• **Prompt**
If a line below contains the word "Kuva", count it; give only the total.
** Dataset records follows **
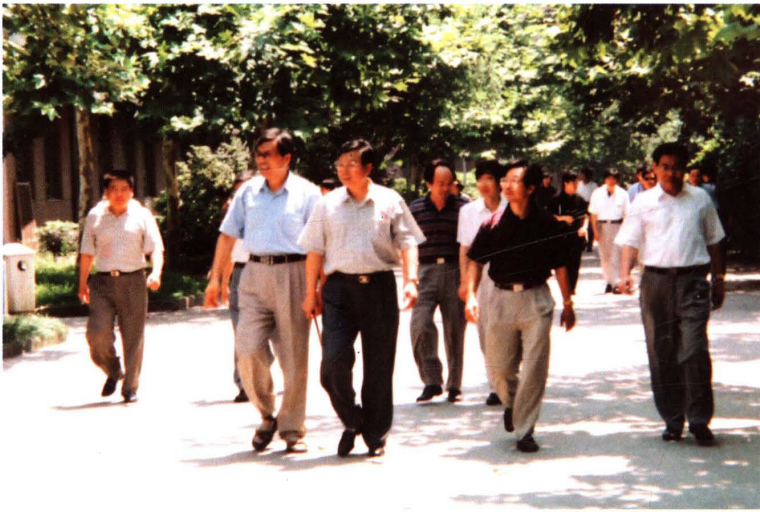
1999年7月，中共浙江省委书记张德江(左三，现任中共中央政治局委员、国务院副总理)来校视察
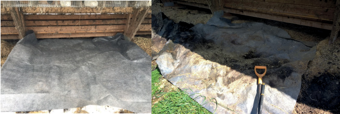
Kuva 1. Häkkisarjan alle levitettiin ennen seurantajakson aloitusta suodatinkangas (vas.), joka erotti lannan ja kuivikkeet pohjahiekasta. Suodatinkankaan ansiosta lanta pystyttiin keräämään mittaukseen tarkasti (oik.; Kuvat Maarit Hellstedt, Luke)

Lannoista otettiin punnituksen yhteydessä osanäytteistä koostuva, edustava analyysinäyte, josta määritettiin kokonaistyyppi, liukoinen tyyppi, kalium, fosfori ja kuiva-aine. Lanta-analyysejä teki Suomen ympäristöpalvelu Ahma (Oulu). Ensimmäisen seurantajakson aikana häkkien alle kertynyt lanta palautettiin sen määrän ja tilavuuspainon mittauksen jälkeen takaisin häkkien alle, mutta 2. ja 3. jakson mittauksessa lanta siirrettiin välivarastoon. Ensimmäisellä mittausjaksolla minkeiltä mitattiin erikseen häkkien alle pesistä pudonneet kuivikkeet ja häkkien reuna-alueen alle kerääntynyt lanta (Kuva 2). Toisella mittauskerralla lantamäärä mitattiin kuivikkeen ja sonnan seoksena. Ketuilla sonta ja kuivikkeet sekoittuvat jo häkkirivien alla (Kuva 2), joten niillä erottelua ei ollut mahdollista tehdä.
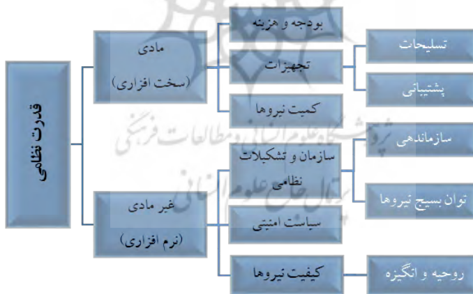
نمودار ۲. عناصر تشکیل دهنده قدرت نظامی

براین اساس، باتوجه به مطالب ذکر شده درباره عناصر قدرت نظامی، یک تقسیم بندی از عناصر قدرت نظامی در نمودار شماره ۲ طراحی شده است. در این نمودار ابتدا عناصر قدرت نظامی به دو بخش تقسیم شده اند و باتوجه به اینکه برخی از عناصر به یکدیگر نزدیک هستند، در کنار یکدیگر قرار می گیرند و دسته بندی جدیدی به وجود آمده است.
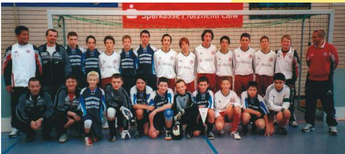
U14-Mannschaften der SG Großebersdorf/Enzersfeld und FC Bayern München
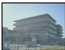
豊かな里 110床 豊田 1-22-2 042-589-2366
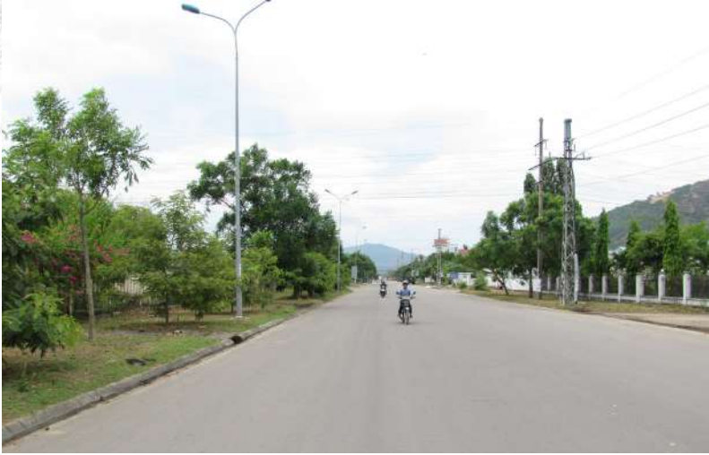
Một góc hạ tầng của KCN Long Mỹ

và sửa chữa các tuyến mương (đường số 14, 16 và phía Nam Cty Trường Huy); thi công tuyến thoát nước mưa, nhằm xử lý việc thoát nước mưa cuốn theo đất đá trên núi Hòn Chà tràn qua đường số 15 chảy vào mặt bằng của Cty Giày; trong quý III/2022: Nhằm tránh tình trạng nước mưa thoát không kịp tràn vào mặt bằng của các Doanh nghiệp (đoạn từ Cty VQN đến Cty Thiên Bắc), Công ty tiến hành khảo sát đánh giá hiện trạng làm cơ sở để sửa chữa hoặc nâng cấp mở rộng tuyến mương hở thoát nước đoạn từ Cty Đại Hùng đến Cty Tân Trung Nam.
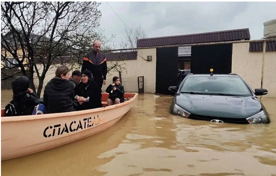
Наслідки прориву греблі в Дагестані

У російській республіці сильні дощі змивають будинки та мости. Окрім цього стався прорив дамби, проходить евакуація тисяч людей.
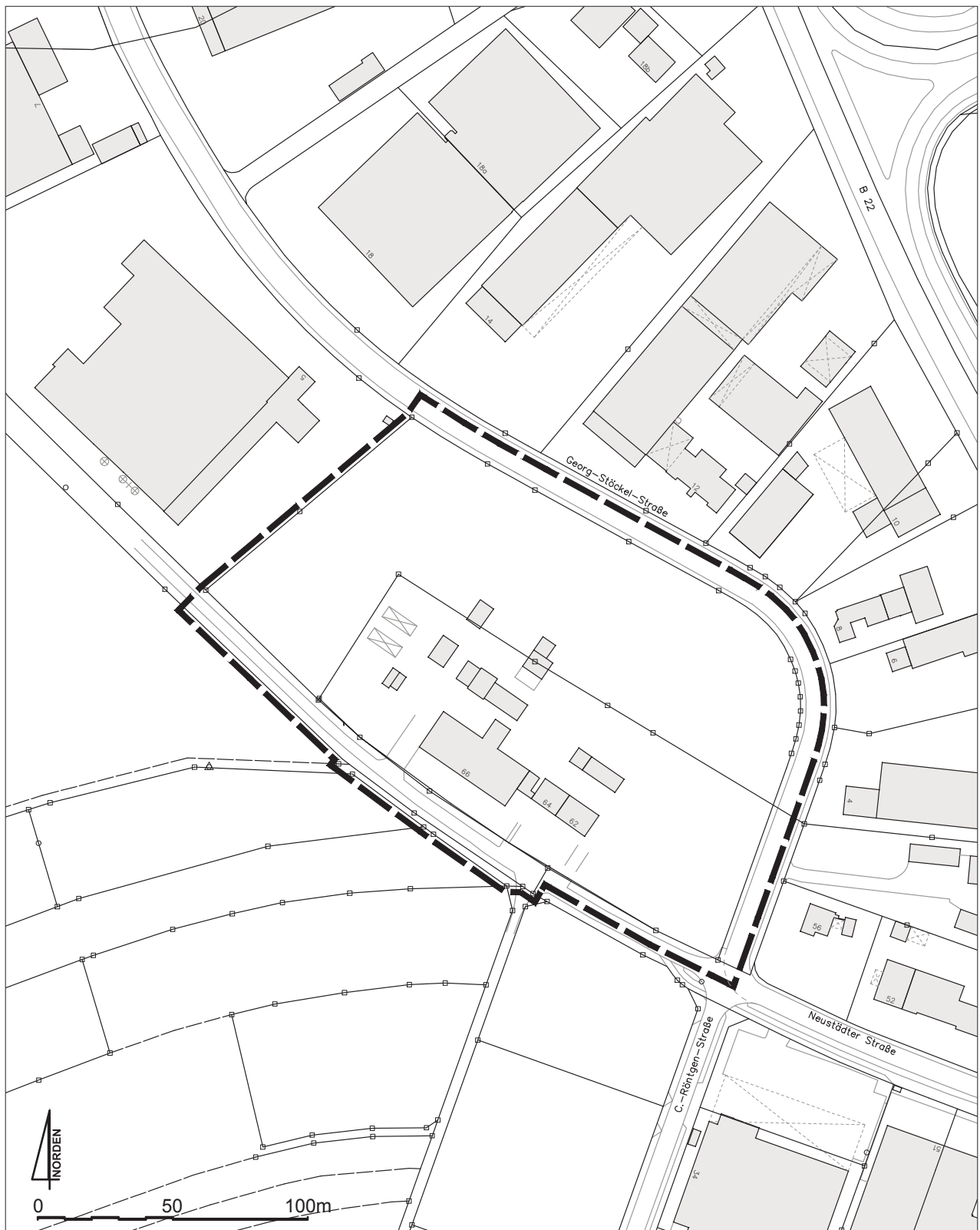
Bebauungsplan 61 26 200 Ä1 "Georg-Stöckel-Str./ Wasserwerk"
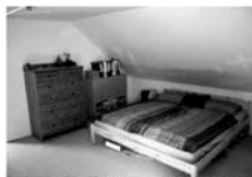
Byt OV 3+kk Tišnov, ul. Květnická CP 83 m 2 , 5/5, novostavba, vlast.plyn.topení 1,699.000 Kč
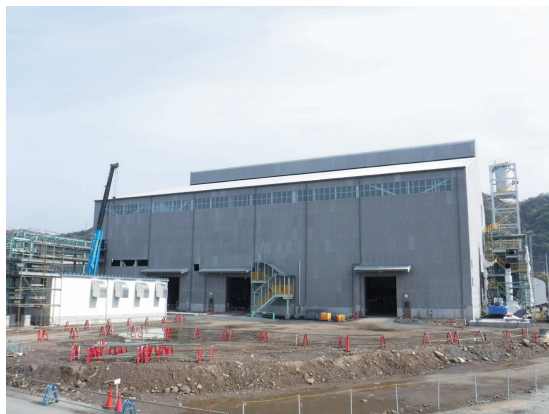
建設中のリチウムイオン二次電池リサイクルプラント （東予工場（愛媛県））

機能性材料事業では、AI関連での需要が引き続き見込まれることから、高度情報通信機器の基幹部品であるファラデーローテータをはじめとする各種製品の販売拡大を図ってまいります。また、近赤外線吸収材料の展開領域を素材テクノロジーブランド「SOLAMENT ® 」によりさらに拡大するほか、パワー半導体分野で使用される貼り合せSiC（シリコンカーバイド）基板の本格販売を進めてまいります。
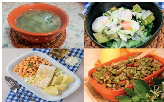
Figura 1 – Quatro exemplos de pratos mediterrânicos. Trata-se de pratos compostos, que implicam know-how e também implicam que a pessoa os saiba fazer, possa gastar tempo, tenha a capacidade de comprar produtos frescos e que estes estejam disponíveis. Apesar do know-how ainda existir, como manter vivo este tipo de tradição alimentar protetora?

se do desistente doente”, no contexto dos estudos sobre alcoolismo, é uma teoria que sugere que as pessoas que deixam de beber sem assistência de um profissional de saúde ou a ajuda de grupos de recuperação, muitas vezes o fazem quando enfrentam consequências graves de saúde, ou outros problemas significativos relacionados com o consumo de álcool. No contexto do “The Nord-Trøndelag Health Study” [6] , verificou-se que o aumento do risco de ansiedade e depressão, que se observou no grupo dos abstémios, tem de ser calculado somando o risco dos “abstémios ao longo da vida” com o risco dos “abstémios que estão a recuperar de problemas anteriores com a bebida”.
** End of Dataset records **
• **Written reply**
2